REQUIREMENT:
Retype only the lines below from the one with "Cada pá da hélice" to the one with "DETROIT, MICHIGAN - APRIL", inclusive, skipping every image.

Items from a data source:
======
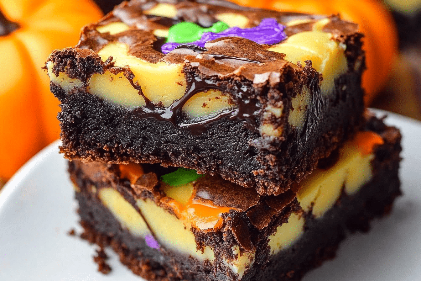 Keywords: Halloween cheesecake brownies, festive brownie recipes, Halloween dessert ideas, chocolate cheesecake brownies, easy Halloween treats, colorful cheesecake brownies, spooky Halloween recipes
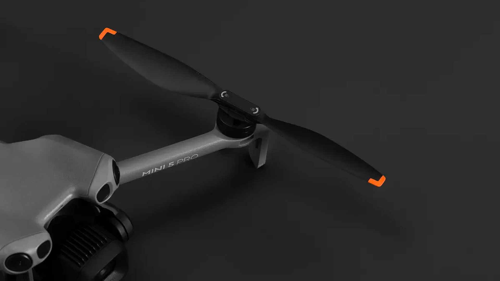 Cada pá da hélice do DJI Mini 5 Pro foi submetida a testes precisos de balanceamento dinâmico para aumentar a eficiência aerodinâmica e reduzir o ruído.
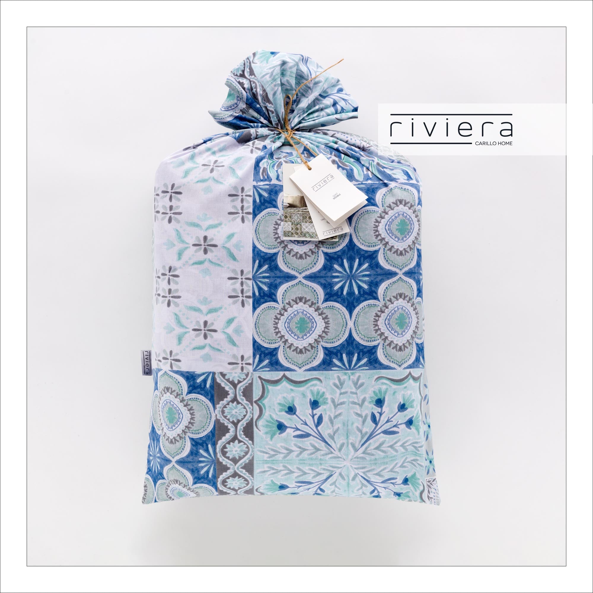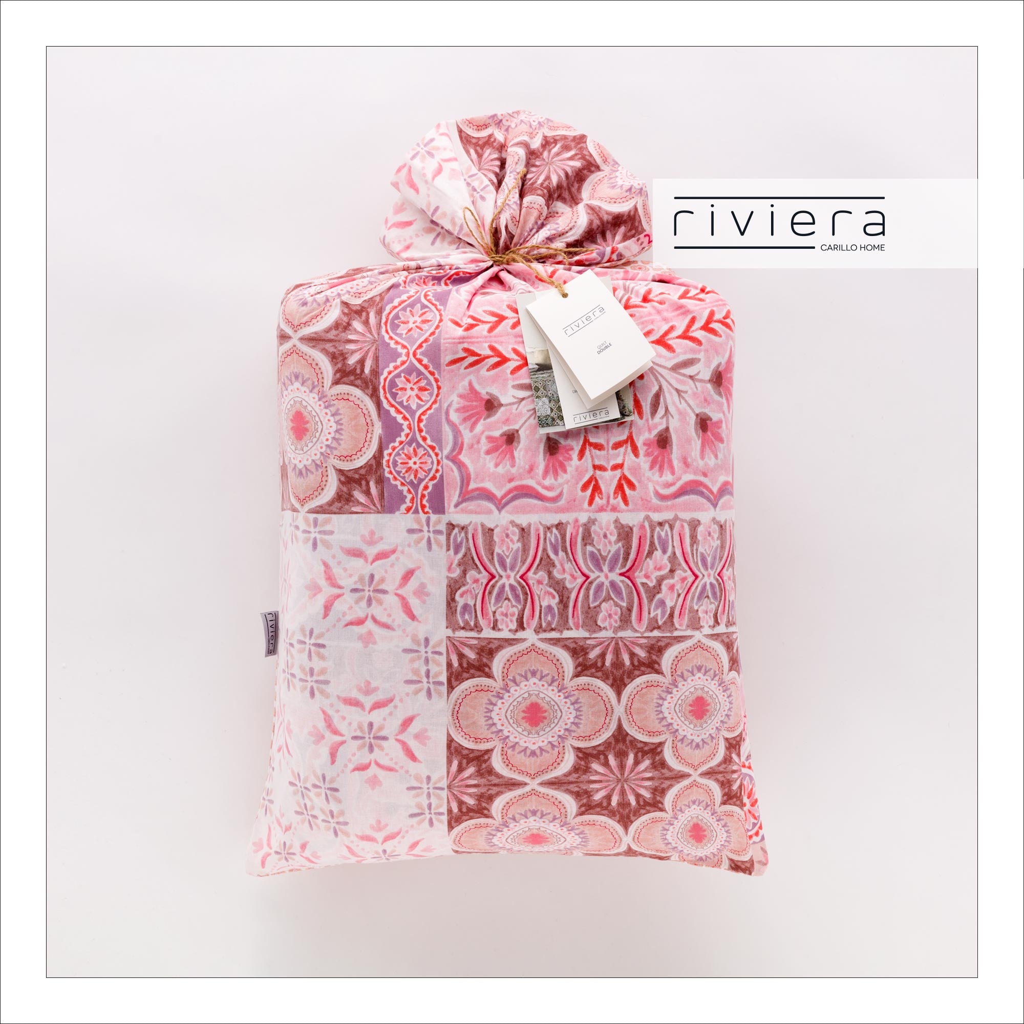Trapuntino 100% cotone stampato double face, confezionato in un pack ecologico che puo' essere utilizzato come una federa.
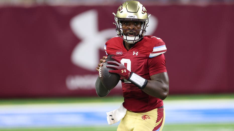 DETROIT, MICHIGAN - APRIL 18: Bryce Perkins #3 of Michigan Panthers plays against the Memphis Showboats at Ford Field on April 18, 2025 in Detroit, Michigan. (Photo by Gregory Shamus/UFL/Getty Images)
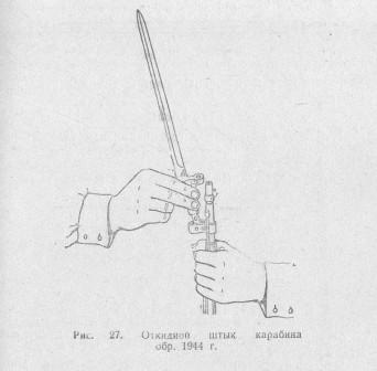 Ответ: Штык ...на винтовке в походном положении штык примыкался к стволу наоборот, а на карабине обр. 44 г. он не сьемный, и поэтому складывался ...Ваш штык от винтовки.
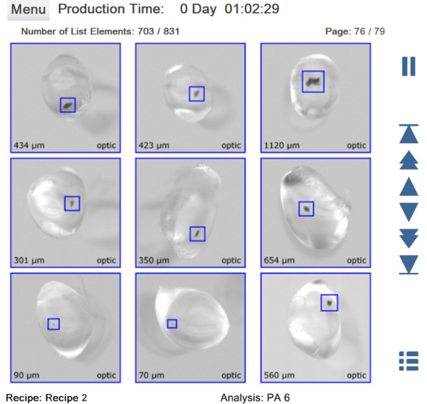 Smallest process variations in compounding plants can already cause changes in the technical and optical characteristics of the pellets and in further processing to the future product. Thermal and mechanic overloads of the polymer, contamination caused by the production environment or a work overload of the staff can result unnoticed in contaminated pellets in the form of black specks, yellowing, burns, metal, dust etc.
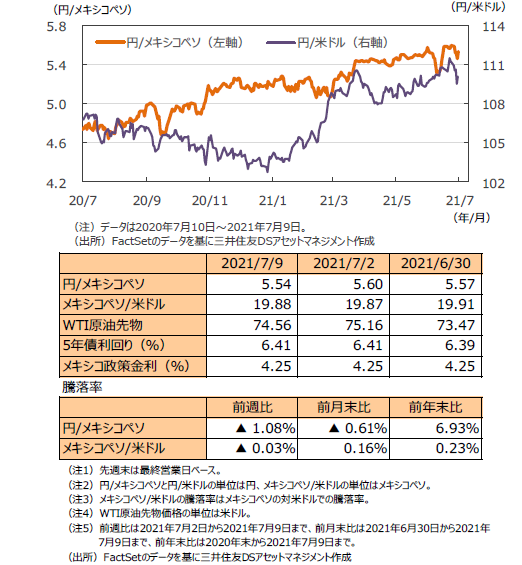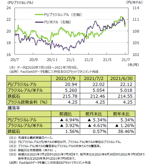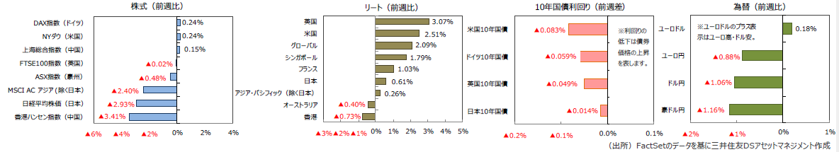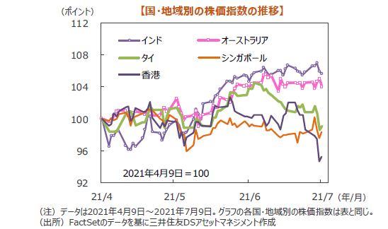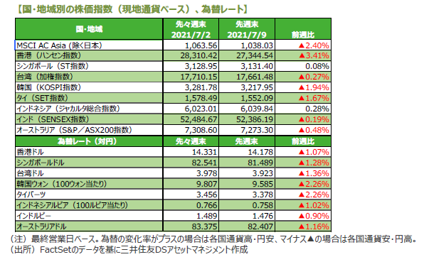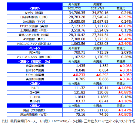 世界の主要株式市場はまちまちながらやや軟調な展開となりました。米国株式市場は軟調に推移していましたが、週末に大幅高となりNYダウは最高値を更新しました。米長期金利の低下が一服し、投資家心理が上向きました。週間では、0.24%上昇しました。日本株式市場は、新型コロナの新規感染拡大やワクチン接種の混乱に加えて、東京都議選で自民党の議席獲得数が予想を下回ったことなどを嫌気して下落しました。日経平均株価は2.93%下落しました。欧州株式市場では、欧州の景気拡大期待はあるものの、新型コロナの新規感染者数の増加などが嫌気され、独DAX指数、英FTSE100指数はともにほぼ横ばいとなりました。中国株式市場では、上海総合指数は新型コロナウイルス感染の再拡大を背景に世界景気の回復遅れへの懸念が強まり0.48%下落、香港ハンセン指数は中国当局がネット大手に対する規制を強めており、事業環境の不透明感を意識した売りが続き、3.41%下落しました。
======
THE COMPLETED TASK:
 Cada pá da hélice do DJI Mini 5 Pro foi submetida a testes precisos de balanceamento dinâmico para aumentar a eficiência aerodinâmica e reduzir o ruído.
Trapuntino 100% cotone stampato double face, confezionato in un pack ecologico che puo' essere utilizzato come una federa.
 DETROIT, MICHIGAN - APRIL 18: Bryce Perkins #3 of Michigan Panthers plays against the Memphis Showboats at Ford Field on April 18, 2025 in Detroit, Michigan. (Photo by Gregory Shamus/UFL/Getty Images)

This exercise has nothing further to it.